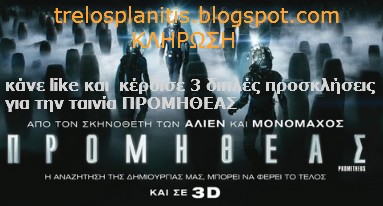 Διαγωνισμός του TrelosPlanitis.blogspot.com με δώρο 3 διπλά κινηματογραφικά εισιτήρια για την ταινία ΠΡΟΜΗΘΕΑΣ
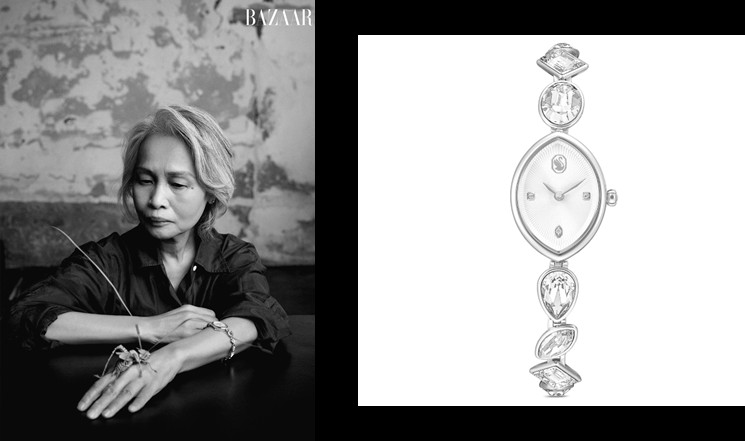 施华洛世奇2026年春夏系列产品登上时尚芭莎,这款Gema系列腕表以具吸引力的造型碰撞为设计亮点。杏仁形表壳采用不锈钢材质,表盘饰有扭索饰纹,搭配三颗仿水晶刻度与经典的天鹅标识,为造型增加灵动几何光彩。
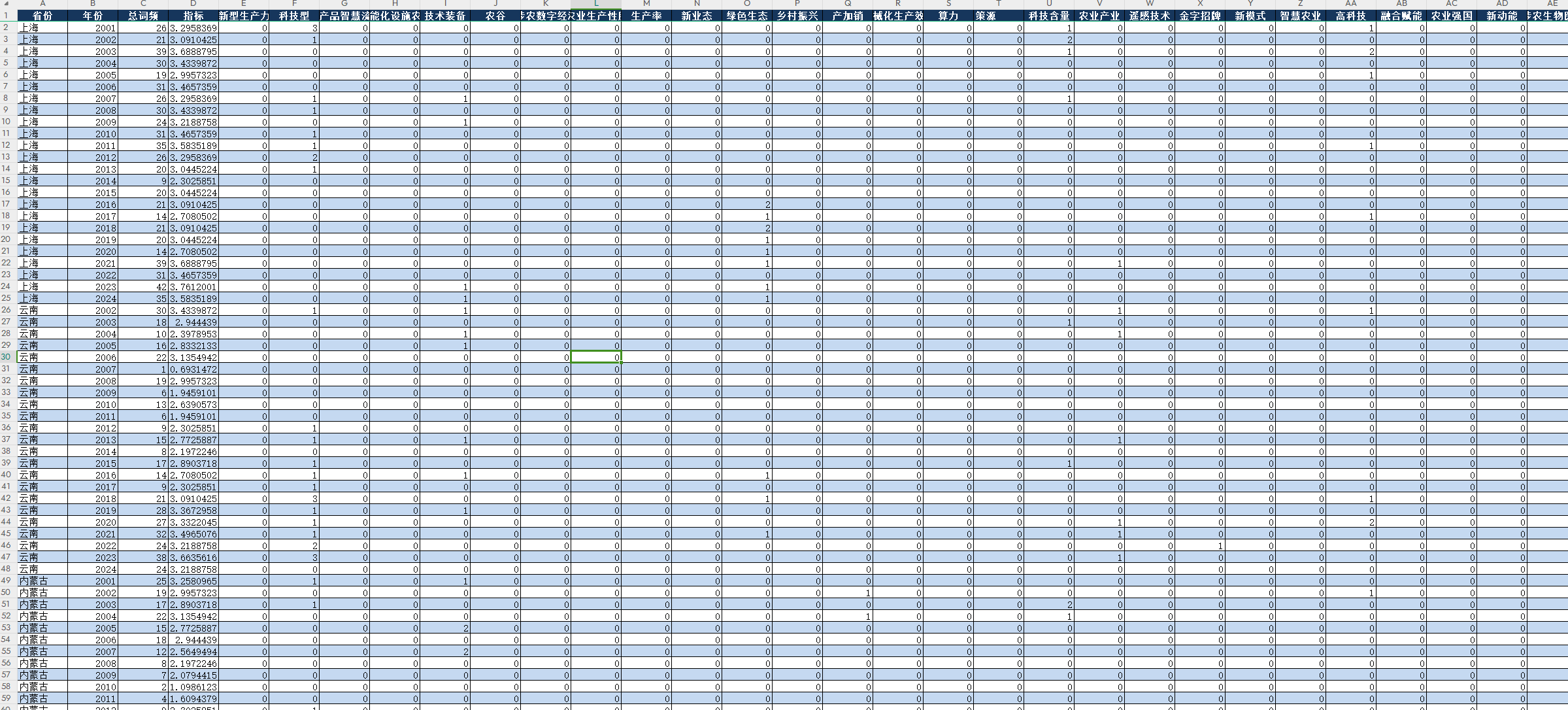 农业新质生产力政府关注度指数:2001-2024
☆ ☆ ☆ ☆
● Task to carry out
Each line above should be returned exactly as written, apart from any pictures.

● Exercise answer
 Διαγωνισμός του TrelosPlanitis.blogspot.com με δώρο 3 διπλά κινηματογραφικά εισιτήρια για την ταινία ΠΡΟΜΗΘΕΑΣ
 施华洛世奇2026年春夏系列产品登上时尚芭莎,这款Gema系列腕表以具吸引力的造型碰撞为设计亮点。杏仁形表壳采用不锈钢材质,表盘饰有扭索饰纹,搭配三颗仿水晶刻度与经典的天鹅标识,为造型增加灵动几何光彩。
 农业新质生产力政府关注度指数:2001-2024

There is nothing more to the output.